Can you try running JUST using --c2t
(do not use --c2g
) to see what you got
python ~/work/git/pavfinder/pavfinder/scripts/find_sv_transcriptome.py --tbam c2t.flt3.bam --r2c pavfinder_input/GSM1636766_ITD_genes.sorted.r2c.bam --transcripts_fasta flt3.fa pavfinder_input/GSM1636766_ITD_genes.transcripts.nr.fa hg19.ncbiRefSeq.chrOnly.sorted.gtf.gz /projects/btl/rchiu/hg19a.fa test4c
oh, I've never seen your command, can you post how you ran pavfinder?
I figured out the problem. I took a more careful look at the stdout and noticed the message /bin/sh: 1: blastn: not found
. I installed blast, and reran pavfinder and it was able to detect the event!

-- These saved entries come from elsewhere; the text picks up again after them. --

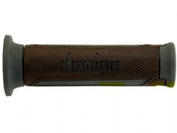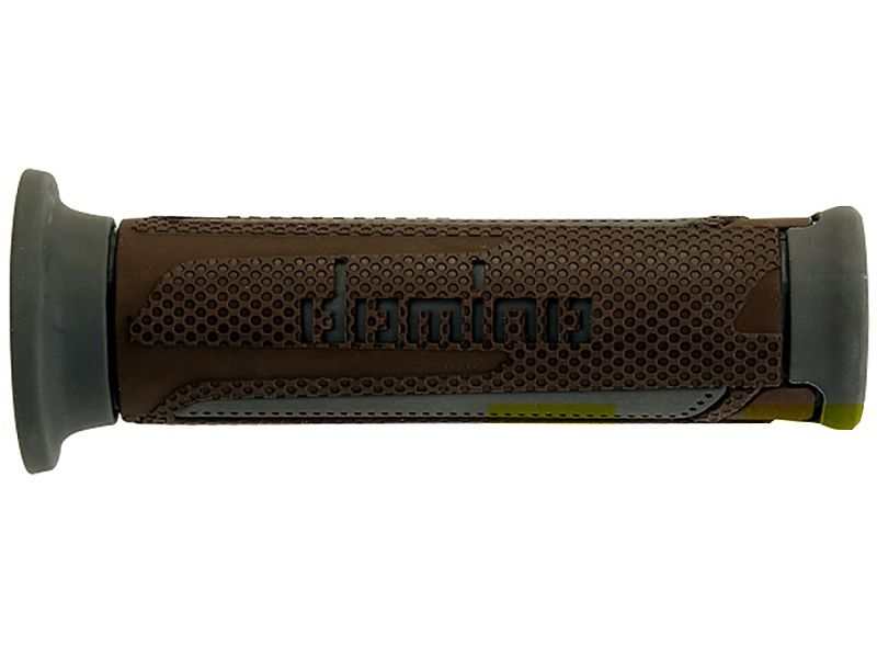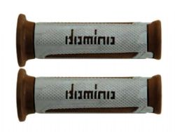 Puños Domino A35041C6564C7 Turismo Marrón / Gris. Diseñado específicamente para ofrecer un excelente confort en motos de turismo y maxiscooter. Los puños Domino A350 ofrecen un diseño muy atractivo y moderno y están disponibles en una gran combinación de colores. Están realizados con goma termoplástica bicolor para proporcionar un excelente confort y durabilidad. El diseño del dibujo junto con el troquelado aportan al motorista un agarre, tacto y sensación de control óptimos. Longitud de 120 mm / Final abierto.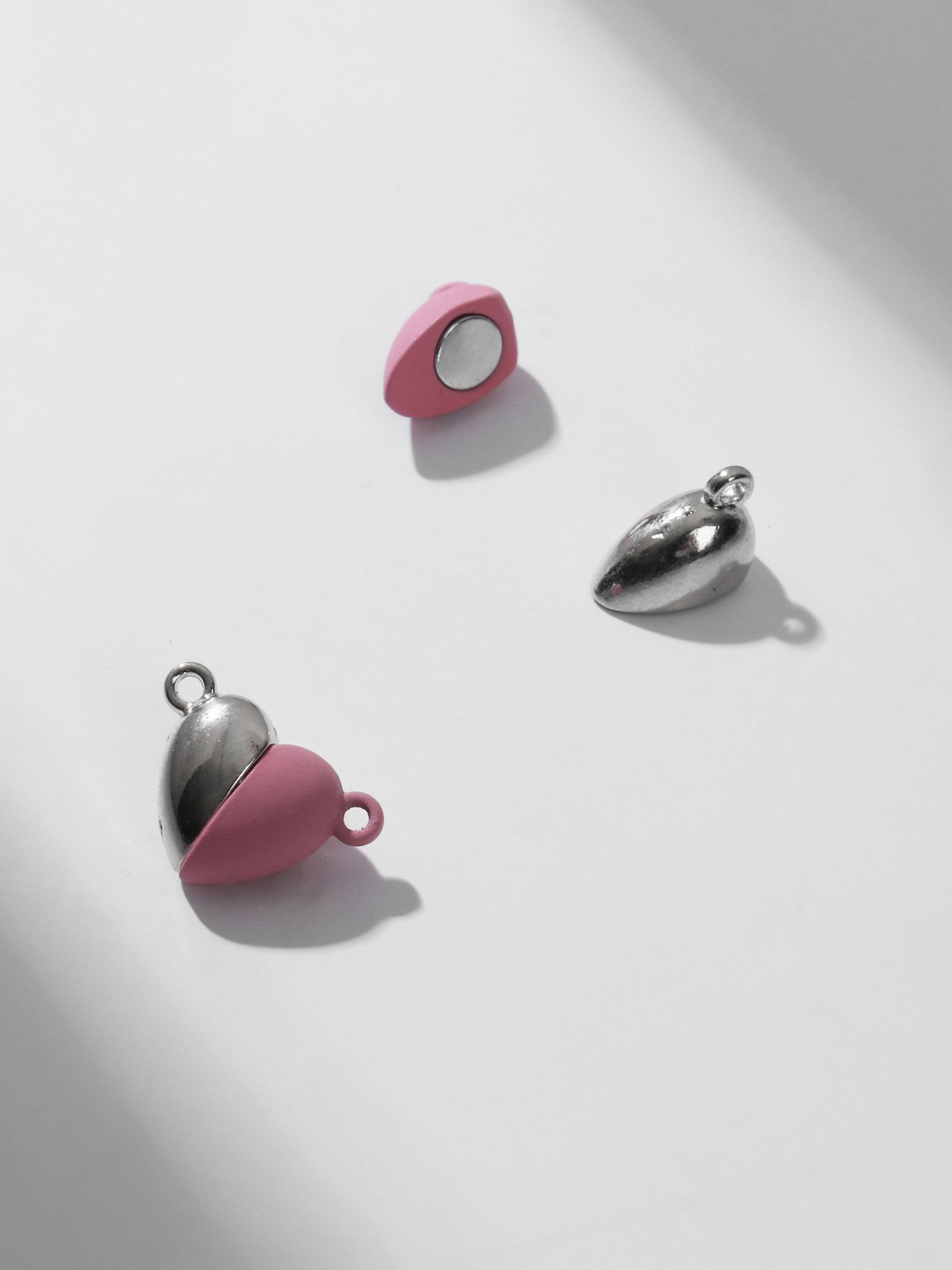 Замок магнитный "Сердечко", 2 шт. серебристо-розовый, 1.4x1.6x0.6 см., QF, Китай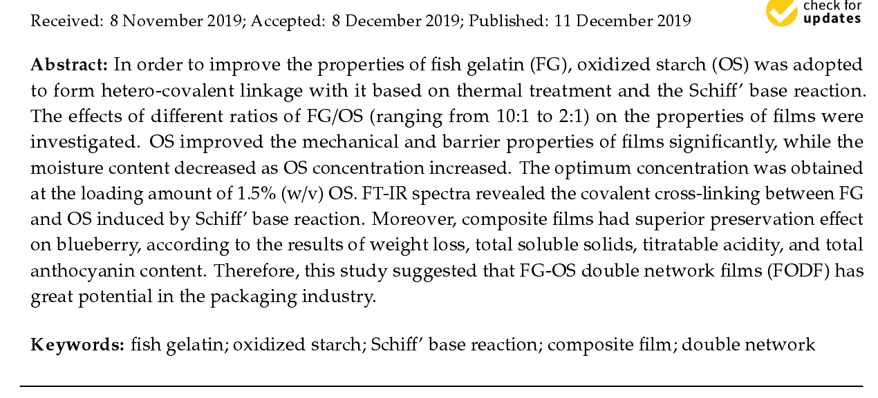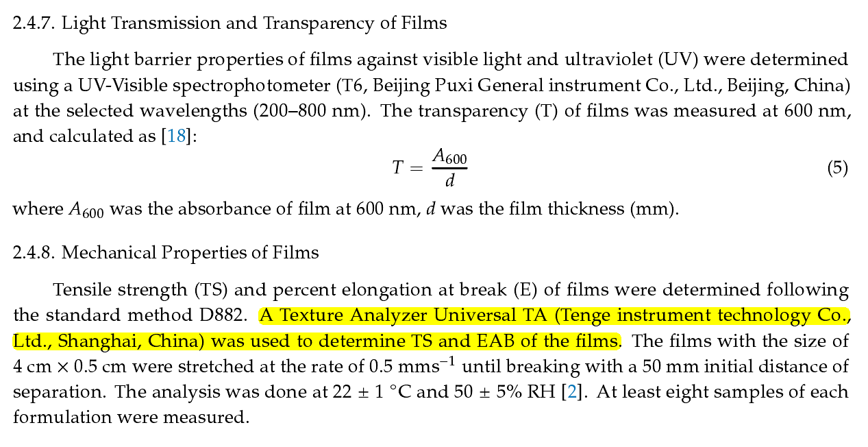Technical articles? 2019年12月,山東大學(xué)(xue)海洋學(xué)(xue)院研究人(ren)員在(zai)期刊《Polymers》在線發(fā)(fa)表了題為“Development and Properties of Fish Gelatin/Oxidized Starch Double Network Film Catalyzed by Thermal Treatment and Schiff’Base Reaction"的研究論(lun)文。在本論文中,研(yan)究人(ren)員利(li)用上海騰拔Universal TA研(yan)究型質(zhì)(zhi)構(gòu)儀用(yong)于測(cè)(ce)定魚(yú)明膠/氧化(hua)淀粉膜的(de)拉伸強(qiáng)(qiang)度和斷裂伸長(zhǎng)(zhang)率。? ? ? ?

You should have blast listed as a dependency and also have pavfinder exit with non-zero exit status if blast is not installed.
sorry for the overlook, I guess it just output a message to STDERR if blastn
is not in the PATH. I think that's not enough.
blastn
is required for detecting duplications, as there are many sv types attempted by the software, I overlooked that this is a requirement for detecting duplication specifically.
I will update the dependency. Thanks for sorting it out.